Violation and Audit table

After each 'detect' iteration all the violation data are stored in the 'violation' table in the database which is specified in the +nadeef.conf+. After each 'repair' all the candidate fixes are stored in the 'repair' table and final update information is stored in the 'audit' table.

An example of violations could be like

 vid |      rid       |    tablename     | tupleid | attribute |    value    
-----+----------------+------------------+---------+-----------+-------------
   0 | Rule1949358975 | csv_hospital_10k |    7663 | zipcode   | 90028
   0 | Rule1949358975 | csv_hospital_10k |    7421 | zipcode   | 90028
   0 | Rule1949358975 | csv_hospital_10k |    7421 | city      | LOS ANGELES
   0 | Rule1949358975 | csv_hospital_10k |    7663 | city      | HOLLYWOOD
   1 | Rule1949358975 | csv_hospital_10k |    7663 | zipcode   | 90028
   1 | Rule1949358975 | csv_hospital_10k |    7422 | zipcode   | 90028
   1 | Rule1949358975 | csv_hospital_10k |    7422 | city      | LOS ANGELES
   1 | Rule1949358975 | csv_hospital_10k |    7663 | city      | HOLLYWOOD

Here the violations are clustered by 'vid' and each row represents a potential violated cell.

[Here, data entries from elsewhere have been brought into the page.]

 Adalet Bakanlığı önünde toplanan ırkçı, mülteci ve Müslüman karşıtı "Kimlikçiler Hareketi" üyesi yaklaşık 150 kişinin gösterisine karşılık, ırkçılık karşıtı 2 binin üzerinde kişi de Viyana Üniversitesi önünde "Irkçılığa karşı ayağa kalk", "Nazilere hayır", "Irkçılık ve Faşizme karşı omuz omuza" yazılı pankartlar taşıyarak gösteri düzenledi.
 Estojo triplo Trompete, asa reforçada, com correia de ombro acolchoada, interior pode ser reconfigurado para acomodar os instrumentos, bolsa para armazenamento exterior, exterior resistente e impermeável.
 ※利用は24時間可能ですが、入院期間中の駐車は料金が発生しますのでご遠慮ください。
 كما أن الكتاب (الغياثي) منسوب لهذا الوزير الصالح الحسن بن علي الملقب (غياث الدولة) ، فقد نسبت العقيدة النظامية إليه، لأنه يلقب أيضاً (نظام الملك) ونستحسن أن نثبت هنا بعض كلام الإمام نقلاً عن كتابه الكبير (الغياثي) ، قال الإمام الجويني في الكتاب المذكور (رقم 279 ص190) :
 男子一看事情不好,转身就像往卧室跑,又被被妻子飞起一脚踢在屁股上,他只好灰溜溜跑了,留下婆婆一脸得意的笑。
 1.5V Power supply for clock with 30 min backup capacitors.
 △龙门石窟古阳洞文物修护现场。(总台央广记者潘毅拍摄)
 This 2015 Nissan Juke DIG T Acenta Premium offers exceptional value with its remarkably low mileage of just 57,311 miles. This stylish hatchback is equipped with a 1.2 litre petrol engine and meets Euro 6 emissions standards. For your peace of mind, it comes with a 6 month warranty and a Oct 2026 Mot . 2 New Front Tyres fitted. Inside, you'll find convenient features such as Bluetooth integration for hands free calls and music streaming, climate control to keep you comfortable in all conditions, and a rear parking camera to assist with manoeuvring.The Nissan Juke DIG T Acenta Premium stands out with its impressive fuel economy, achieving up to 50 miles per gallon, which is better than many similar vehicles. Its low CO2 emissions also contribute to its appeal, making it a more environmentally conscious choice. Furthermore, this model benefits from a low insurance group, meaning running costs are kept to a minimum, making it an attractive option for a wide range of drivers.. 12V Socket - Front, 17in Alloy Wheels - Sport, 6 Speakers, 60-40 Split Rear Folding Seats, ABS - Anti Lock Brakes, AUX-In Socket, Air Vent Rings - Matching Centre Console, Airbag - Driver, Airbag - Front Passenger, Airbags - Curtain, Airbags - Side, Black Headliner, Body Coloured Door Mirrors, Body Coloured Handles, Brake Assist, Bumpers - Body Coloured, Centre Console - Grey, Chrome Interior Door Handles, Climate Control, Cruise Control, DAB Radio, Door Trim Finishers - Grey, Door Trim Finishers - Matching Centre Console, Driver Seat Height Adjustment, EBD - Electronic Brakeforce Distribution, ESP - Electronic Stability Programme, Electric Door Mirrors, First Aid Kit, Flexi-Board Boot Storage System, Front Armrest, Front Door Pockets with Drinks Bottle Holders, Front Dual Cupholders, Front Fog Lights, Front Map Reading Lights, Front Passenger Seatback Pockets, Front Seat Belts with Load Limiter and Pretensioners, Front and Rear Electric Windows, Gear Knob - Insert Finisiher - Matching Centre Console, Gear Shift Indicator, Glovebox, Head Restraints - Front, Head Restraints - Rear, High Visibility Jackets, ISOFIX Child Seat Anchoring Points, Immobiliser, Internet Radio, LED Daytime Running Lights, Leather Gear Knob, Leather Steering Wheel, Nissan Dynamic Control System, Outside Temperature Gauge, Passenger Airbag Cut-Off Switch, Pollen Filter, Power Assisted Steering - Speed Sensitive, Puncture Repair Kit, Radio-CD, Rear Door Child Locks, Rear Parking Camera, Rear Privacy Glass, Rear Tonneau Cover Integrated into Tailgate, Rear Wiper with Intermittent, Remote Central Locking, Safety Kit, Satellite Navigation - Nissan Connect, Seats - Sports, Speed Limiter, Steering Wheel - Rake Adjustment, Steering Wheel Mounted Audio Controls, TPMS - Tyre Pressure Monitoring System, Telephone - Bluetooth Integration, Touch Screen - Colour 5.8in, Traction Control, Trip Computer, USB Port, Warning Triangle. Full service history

The +repair+ table lists the candidate fixes. It is stored as an equation statement, so (cell 1 = cell 2). An example can be as below:

 id  | vid | c1_tupleid | c1_tablename | c1_attribute |  c1_value   | op | c2_tupleid | c2_tablename | c2_attribute |  c2_value   
-----+-----+------------+--------------+--------------+-------------+----+------------+--------------+--------------+-------------
   0 |   0 |       7663 | csv_hospital | state        | CA          |  0 |       7421 | csv_hospital | state        | CA
   0 |   0 |       7421 | csv_hospital | city         | LOS ANGELES |  0 |       7663 | csv_hospital | city         | HOLLYWOOD
   1 |   1 |       7663 | csv_hospital | state        | CA          |  0 |       7422 | csv_hospital | state        | CA
   1 |   1 |       7663 | csv_hospital | city         | HOLLYWOOD   |  0 |       7422 | csv_hospital | city         | LOS ANGELES
   2 |   2 |       7423 | csv_hospital | state        | CA          |  0 |       7663 | csv_hospital | state        | CA
   2 |   2 |       7423 | csv_hospital | city         | LOS ANGELES |  0 |       7663 | csv_hospital | city         | HOLLYWOOD
   3 |   3 |       7663 | csv_hospital | city         | HOLLYWOOD   |  0 |       7424 | csv_hospital | city         | LOS ANGELES

The audit table shows which cell and what data has been changed. An example can be like

 id | vid | tupleid |  tablename   | attribute |   oldvalue    |  newvalue   |            time            
----+-----+---------+--------------+-----------+---------------+-------------+----------------------------
  1 | 603 |    7424 | csv_hospital | city      | 'LOS ANGELES' | 'HOLLYWOOD' | 2013-06-13 16:53:44.277998
  2 | 618 |    7439 | csv_hospital | city      | 'LOS ANGELES' | 'HOLLYWOOD' | 2013-06-13 16:53:44.277998
  3 | 600 |    7421 | csv_hospital | city      | 'LOS ANGELES' | 'HOLLYWOOD' | 2013-06-13 16:53:44.277998
  4 | 612 |    7433 | csv_hospital | city      | 'LOS ANGELES' | 'HOLLYWOOD' | 2013-06-13 16:53:44.277998
  5 | 611 |    7432 | csv_hospital | city      | 'LOS ANGELES' | 'HOLLYWOOD' | 2013-06-13 16:53:44.277998
  6 | 619 |    7440 | csv_hospital | city      | 'LOS ANGELES' | 'HOLLYWOOD' | 2013-06-13 16:53:44.277998
  7 | 609 |    7430 | csv_hospital | city      | 'LOS ANGELES' | 'HOLLYWOOD' | 2013-06-13 16:53:44.277998

Write User Defined Rule

Detect and Repair

The core of NADEEF is rule driven. Following the NADEEF rule interface user is able to write any User defined rule (UDF) in Java and give to NADEEF to run. The most important interfaces of NADEEF rule are +detect+ and +repair+.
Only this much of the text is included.